> _EXERCISE AIM_
Give back the whole listing word for word and skip each picture.

> _PROVIDED DATA_
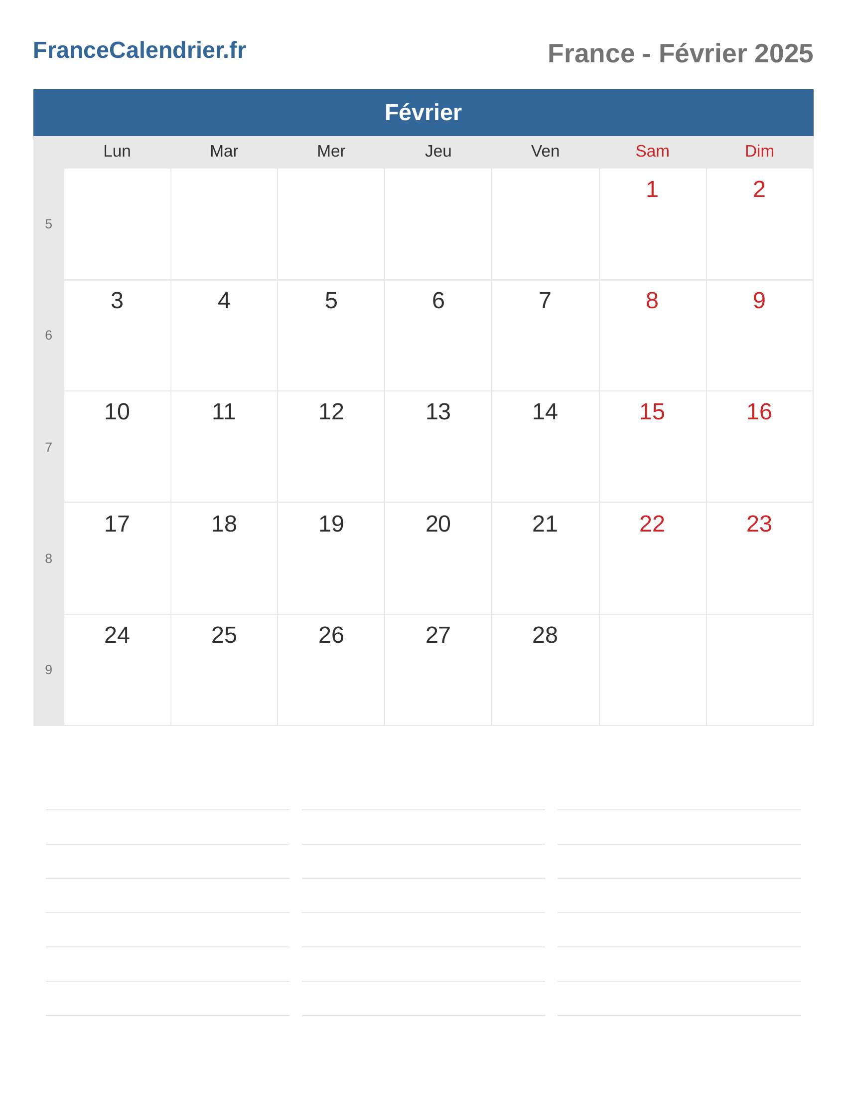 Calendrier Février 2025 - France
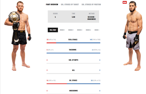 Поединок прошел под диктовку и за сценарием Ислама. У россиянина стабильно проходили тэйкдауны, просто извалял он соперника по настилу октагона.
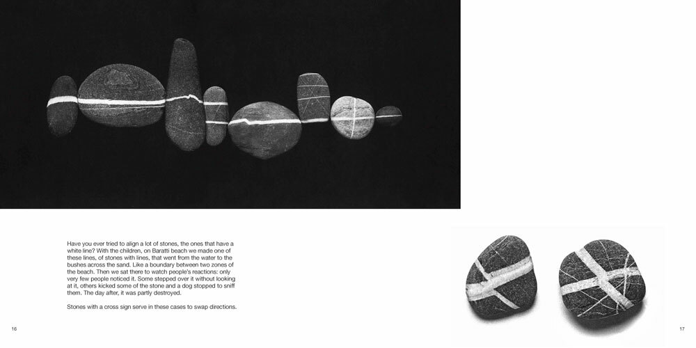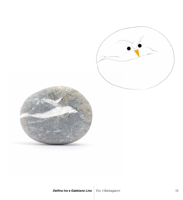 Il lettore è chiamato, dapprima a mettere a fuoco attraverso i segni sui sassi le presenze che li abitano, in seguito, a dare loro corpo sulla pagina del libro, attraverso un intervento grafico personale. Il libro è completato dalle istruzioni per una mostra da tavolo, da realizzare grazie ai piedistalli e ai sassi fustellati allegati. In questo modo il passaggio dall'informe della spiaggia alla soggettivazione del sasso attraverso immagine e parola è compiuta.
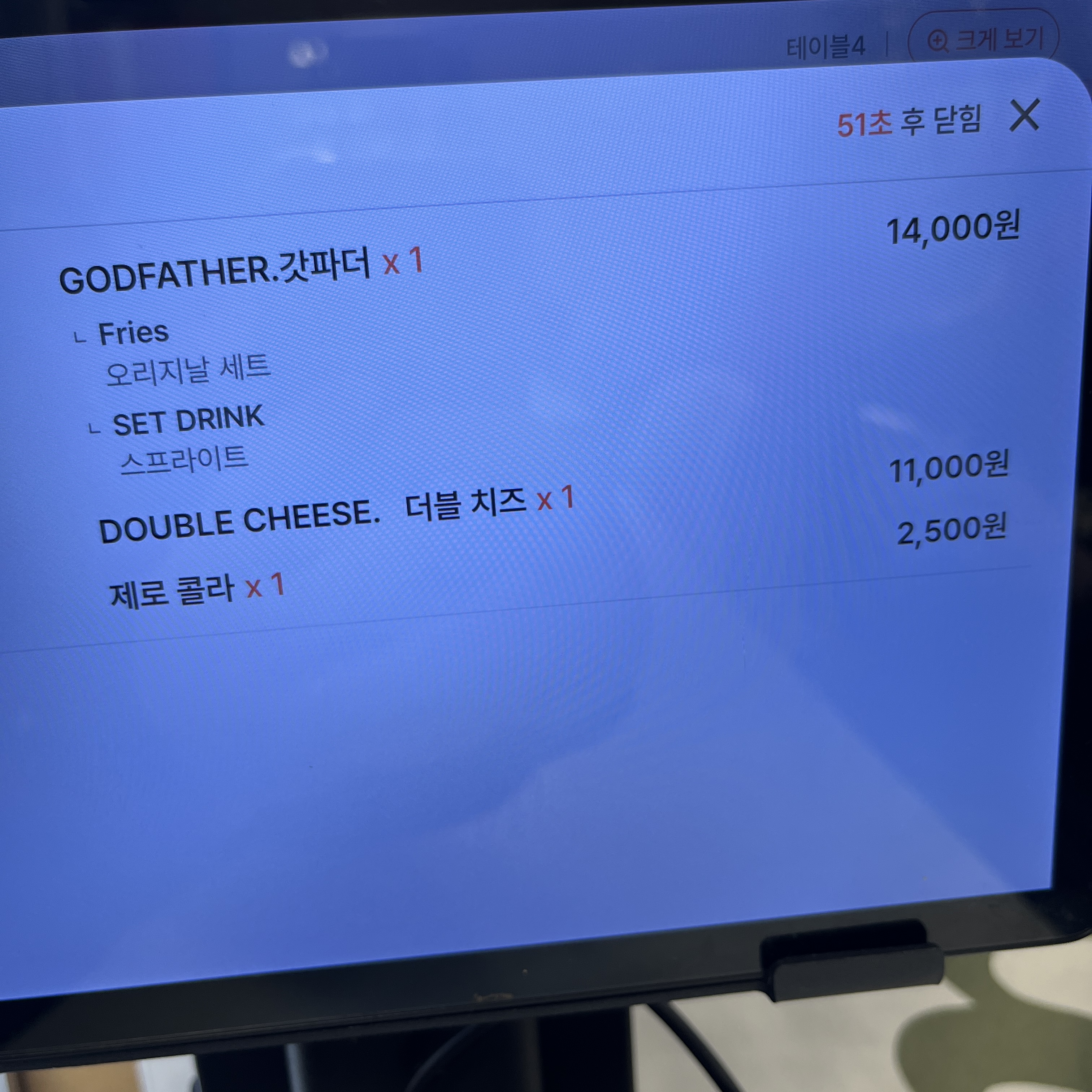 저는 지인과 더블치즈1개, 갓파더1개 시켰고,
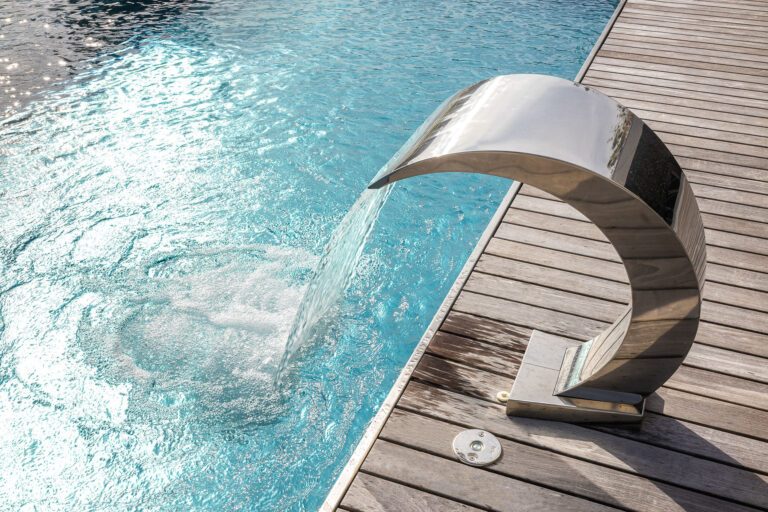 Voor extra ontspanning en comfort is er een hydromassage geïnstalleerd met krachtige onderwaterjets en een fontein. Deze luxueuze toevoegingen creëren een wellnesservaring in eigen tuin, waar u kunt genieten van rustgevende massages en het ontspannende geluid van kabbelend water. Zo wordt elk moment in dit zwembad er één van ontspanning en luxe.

> _RESPONSE_
 Calendrier Février 2025 - France
 Поединок прошел под диктовку и за сценарием Ислама. У россиянина стабильно проходили тэйкдауны, просто извалял он соперника по настилу октагона.
 Il lettore è chiamato, dapprima a mettere a fuoco attraverso i segni sui sassi le presenze che li abitano, in seguito, a dare loro corpo sulla pagina del libro, attraverso un intervento grafico personale. Il libro è completato dalle istruzioni per una mostra da tavolo, da realizzare grazie ai piedistalli e ai sassi fustellati allegati. In questo modo il passaggio dall'informe della spiaggia alla soggettivazione del sasso attraverso immagine e parola è compiuta.
 저는 지인과 더블치즈1개, 갓파더1개 시켰고,
 Voor extra ontspanning en comfort is er een hydromassage geïnstalleerd met krachtige onderwaterjets en een fontein. Deze luxueuze toevoegingen creëren een wellnesservaring in eigen tuin, waar u kunt genieten van rustgevende massages en het ontspannende geluid van kabbelend water. Zo wordt elk moment in dit zwembad er één van ontspanning en luxe.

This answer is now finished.